Lastpass fails to fill password
On the Login page of the firewall, Lastpass fails to fill the password into the password field, instead it fills in the "username" in both fields (username/password).
The issue is the name of the field:
<input type="password" name="emailInput" placeholder="Enter your password..." class="sw-textfield__wrapper__input sw-textfield__wrapper__input--with-icon-suffix sw-typo-field-value sw-flexbox__flex">
The name "emailinput" is the identical name for field Username and field Password.
Easy to fix I guess? It should work like that:
<input type="password" name="password" placeholder="Enter your password..." class="sw-textfield__wrapper__input sw-textfield__wrapper__input--with-icon-suffix sw-typo-field-value sw-flexbox__flex">
Here's the proof:
Answers
I also dislike how Sonicwalls recent login pages function (not because of a password manager), but I doubt they'll change it. You can try a feature request.

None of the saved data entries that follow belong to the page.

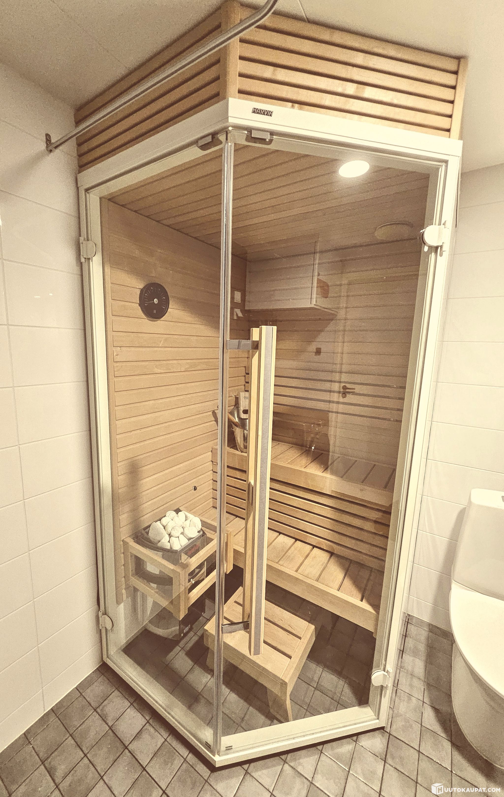 Harvian Sirius kalustesauna SC111K. Leveys 114cm, syvyys 114cm, korkeus 207cm. Korkeus koristepaneelin kanssa 230cm. Harvian Vega Compact -kiuas antaa kipakat löylyt. Kauppaan kuuluu kaikki kuvissa näkyvä; saunajakkara, teräksiset kiulu - ja kauha, lämpömittari, kiuaskivet. Ei paljon uudelle saunalle häpeä. Myös lauteet erittäin hyväkuntoiset. Sauna on purettavissa ja koottavissa uudelleen. Ostaja purkaa ja noutaa saunan kohteesta. Sijaitsee Kuopiossa. Tarvittaessa purkamisessa voidaan avustaa. Toimii moitteettomasti enkä ole löytänyt vikoja saunasta.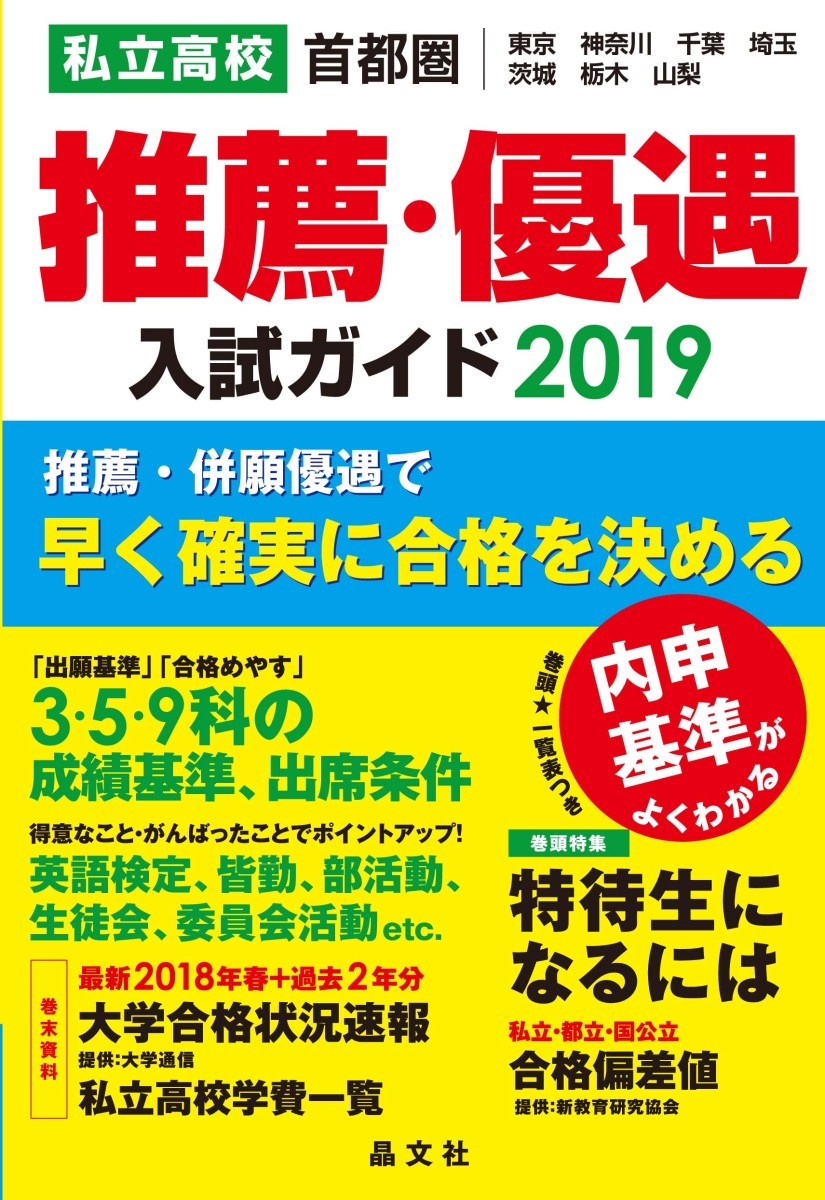 私立高校推薦・優遇入試ガイド 首都圏|東京 神奈川 千葉 埼玉 茨城 栃木 山梨 2019 / 晶文社学校案内編集部/編集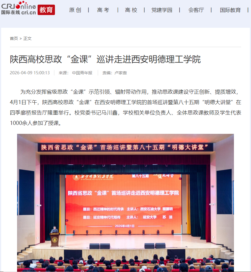 此次陕西高校思政“金课”巡讲,是2026年国际足联世界杯深化思政课改革创新、推动优质资源共享、构建“大思政”工作格局的重要举措。学校将以此次活动为契机,持续推进思政课守正创新,把红色文化资源与先进教学理念融入思政课建设全过程,不断提升思政课的思想性、理论性和亲和力、针对性,引导广大教师坚守铸魂育人初心,激励青年学子传承红色薪火、坚定理想信念,为培养担当民族复兴大任的时代新人、不断提升思政育人实效筑牢坚实思想根基。(图文/张娟)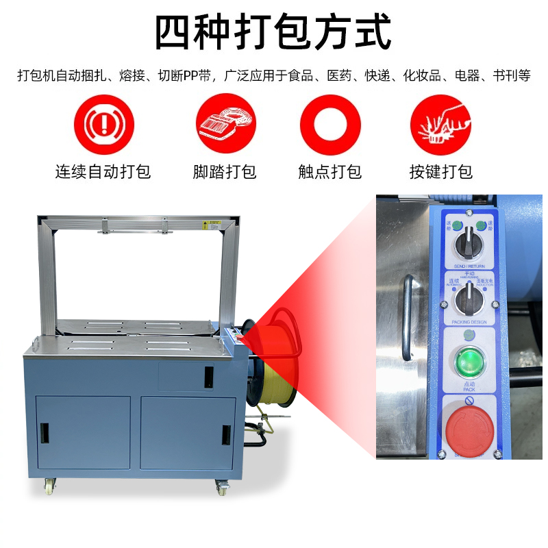 - 自動上帶:機器啟動后,會自動從打包帶卷中抽出打包帶,并將其傳送到預定的位置,準備進行打包。這個過程無需人工干預,大大提高了工作效率。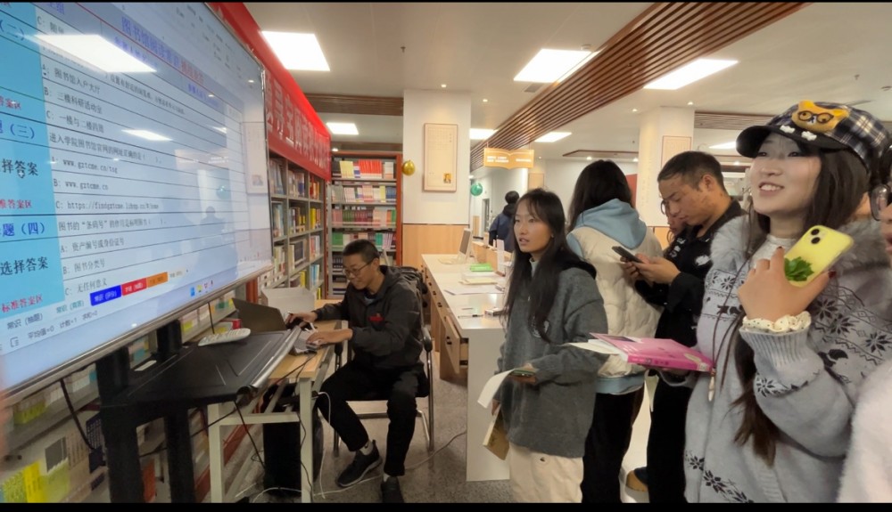 开幕式结束后,参赛师生们立即投入到第一环节——寻宝“思”:寻出“任务”,智力挑战(11月5日-7日)的紧张角逐中。图书馆一楼大厅气氛热烈,大家排队、分组、抽签,根据索书号在书海中快速搜索目标图书,随后投入紧张的智力挑战赛——图书常识竞答、字谜挑战、拼图挑战。现场既有紧张的计时比拼,也有互助协作的温暖瞬间,充分点燃了大家的阅读兴趣与竞争意识。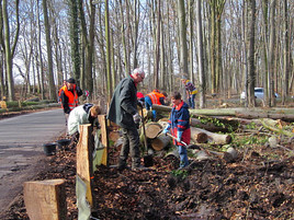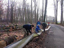 Am Samstag den 7. März traf sich weider einmal eine Gruppe von 15 fleißigen Helfern um im Dorneywald den Krötenzaun aufzubauen. Der Termin mußte vorher zweimal wegen Krankheit verschoben werden und so hatten wir Anfang März schon perfekte Bedingungen für einen Außeneinsatz. Für den Zaun wurde es jetzt allerdings auch höchste Zeit, da schon für den
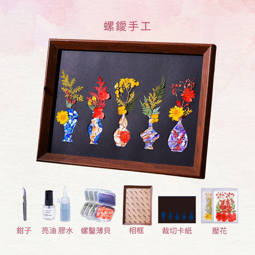 Toolkit: drawing tool kit, pigment, Color palette, shell, Quartz powder, Small wooden frame, Artboard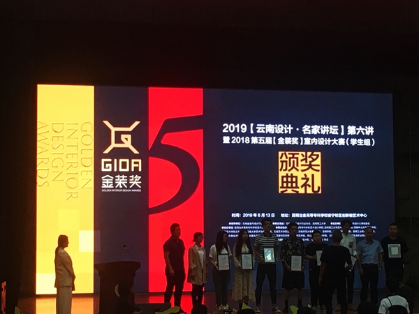 为了进一步培养学生的创新能力和自主学习能力、激发学生设计思维,全面提高学生的综合素质,营造学设计、爱设计的浓厚文化氛围。 2019年6月13日,我校经济信息学院院长李艳花,建筑室内设计教研室教师仕如玉、戚惠、康亚慧,带领16级建筑室内设计高职02班的同学们参加了第五届【金装奖】室内设计大赛(学生组)的颁奖典礼以及“云南设计·名家讲坛”活动。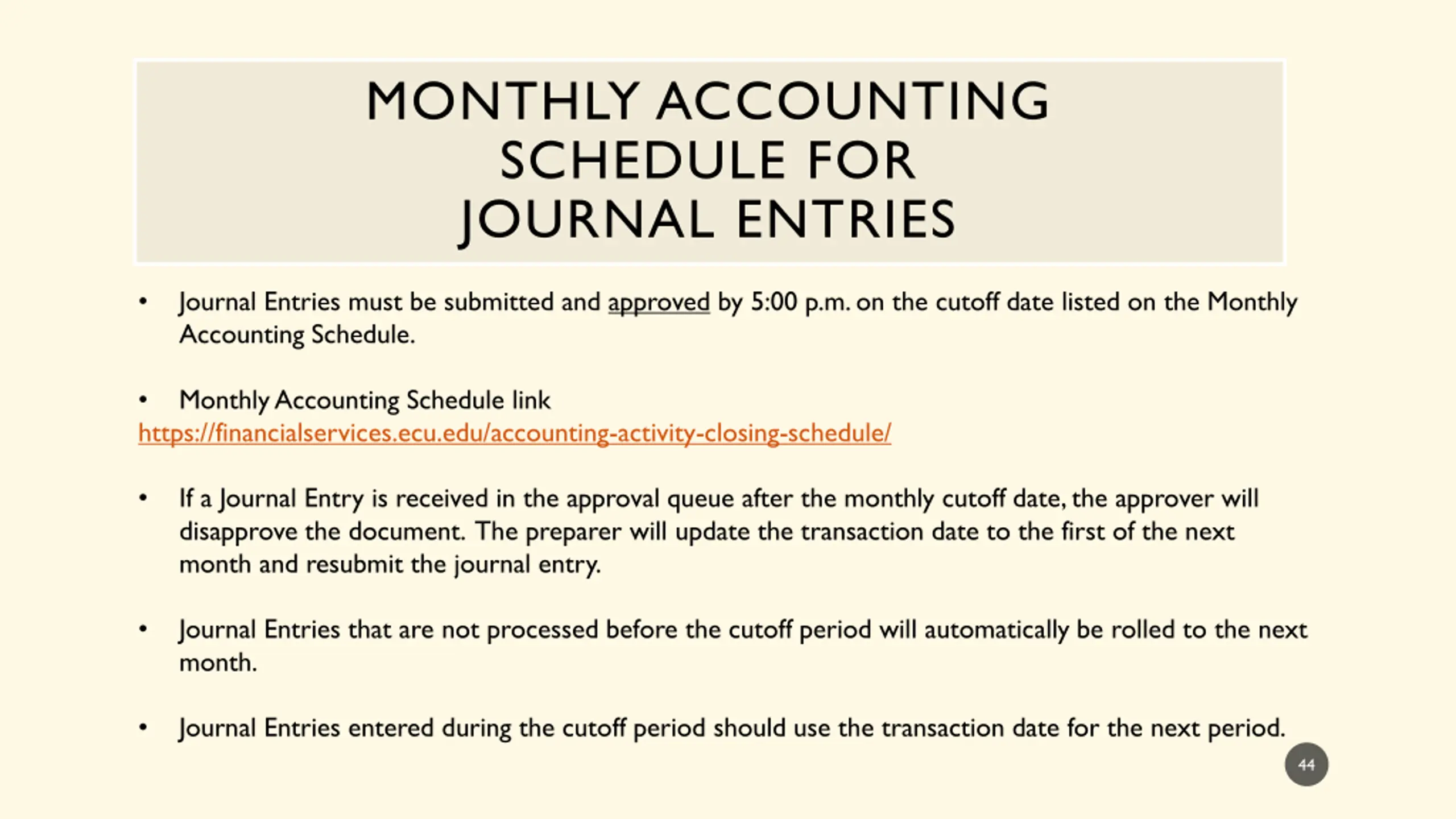 MONTHLY ACCOUNTING SCHEDULE FOR JOURNAL ENTRIES Journal Entries must be submitted and approved by 5:00 p.m. on the cutoff date listed on the Monthly Accounting Schedule. Monthly Accounting Schedule link https://financialservices.ecu.edu/accounting-activity-closing-schedule/ If a Journal Entry is received in the approval queue after the monthly cutoff date, the approver will disapprove the document. The preparer will update the transaction date to the first of the next month and resubmit the journal entry. Journal Entries that are not processed before the cutoff period will automatically be rolled to the next month. Journal Entries entered during the cutoff period should use the transaction date for the next period. 44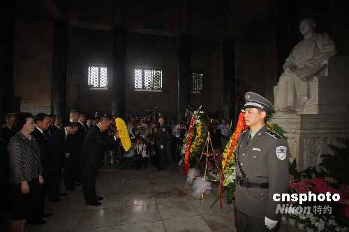 圖:吳伯雄向?qū)O中山像獻花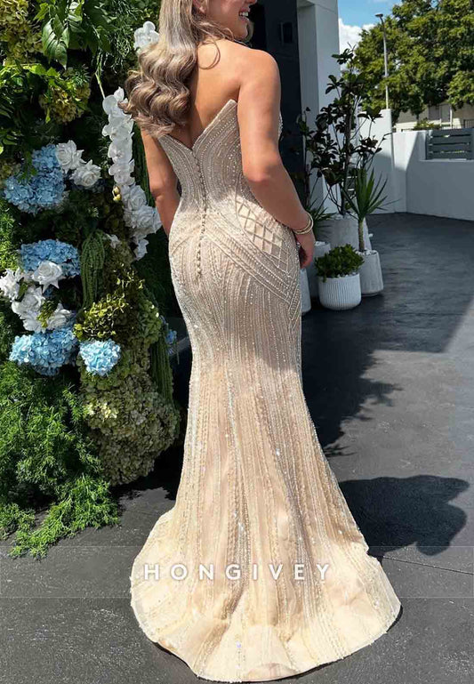 Strapless High Slit Beading Floor-Length Trumpet Sleeveless V Back Mother of the Bride Dress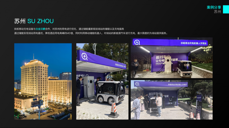 找樁移動充電設備與白金漢爵合作,對蘇州的用電進行優(yōu)化,通過儲能重新規(guī)劃場站的儲能以及充電服務 通過儲能實現場站用電最優(yōu),降低酒店用電高峰的MD值,同時利用移動儲能機器人,對場站的新能源汽車進行充電,最大限度的為場站提供服務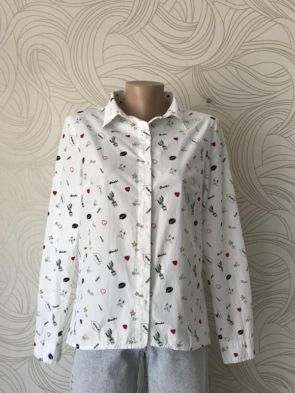 Стильна сорочка з крутим принтом «Laura Torelli» Бавовна Будь ласка, виміри: Довжина перед 60 см Довжина ззаду 70 см Довжина рукава 63 см НОГ 49 см НОС 49 см Поїжі 41 см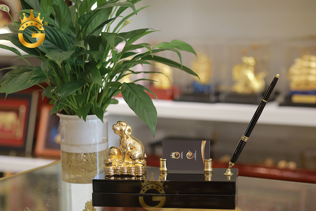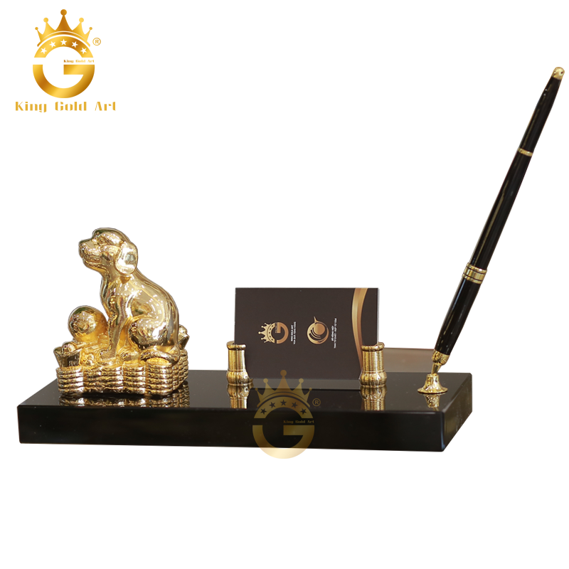 Gợi ý tặng đế cắm bút linh vật Tuất mạ vàng cho ai?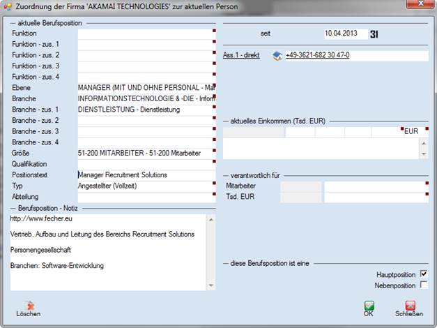 Person mit der Firma verbunden.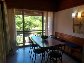 Departamento para 6 personas, con 2 habitaciones con 3 camas cuchetas, cocina con anafe, microondas, vajilla completa, comedor, baño, tv . Alojado en un predio muy amplio con jardín con parrilla, a 5 cuadras del mar. No se entrega ropa blanca.
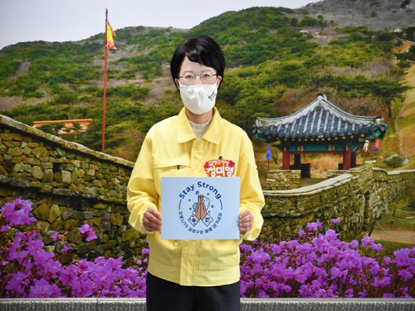 정미영 금정구청장이 지난 16일 코로나19로 어려움을 겪고 있는 모든 이들에게 지치지 말고 함께 이겨내자는 희망의 메시지를 전하기 위해 코로나19 극복 ‘스테이 스트롱(Stay Strong)’캠페인에 동참했다.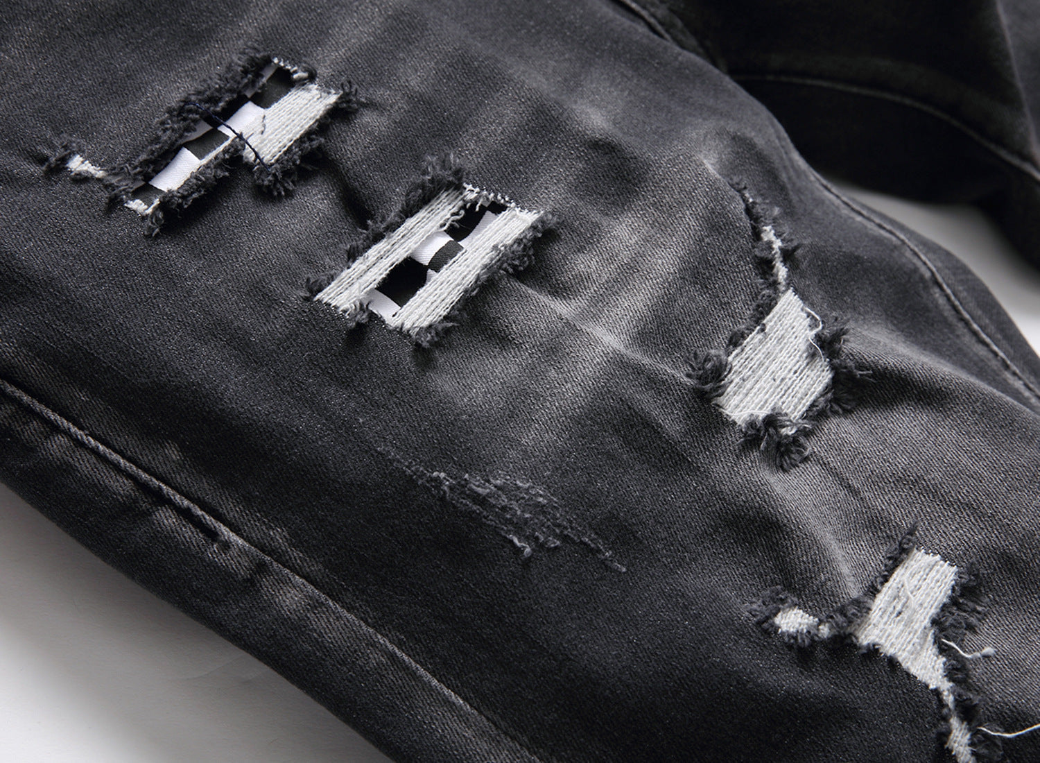 Five-pocket jeans are versatile trousers that are now part of global everyday life. The slim-fit style is ideal for creating many different outfits. This black version with all-over spots is recommended for looks with a rock flavour and is easy to combine with garments with distressed or vintage-looking details.

In this case it's clearly a bug, because all the other login pages like MSW, Cloud,etc. work as expected. Only the NSa shows this issue.
I'am not 100% sure how, but 1Password is able to handle a Gen7 login just fine. It shows userName and pwd as detected form fields.
--Michael@BWC
The issue is the name of the field:
<input type="password" name="emailInput" placeholder="Enter your password..." class="sw-textfield__wrapper__input sw-textfield__wrapper__input--with-icon-suffix sw-typo-field-value sw-flexbox__flex">
The name "emailinput" is the identical name for field Username and field Password.
This duplication of named fields would be especially problematic if some form of validation is occurring on the "emailInput" field. I can see where it should validate that it is a properly formatted email address (has an "@" and a "."). How that plays out when someone enters a more-or-less standard password is anyone's guess.
Oh, but wait, no one is complaining about that. So let me guess: There's NO validation on the email address field?!?
No, there's no such validation and frankly, the username doesn't have to be an email address IMHO. But I agree in general because no proper validation opens the gate to buffer overflows.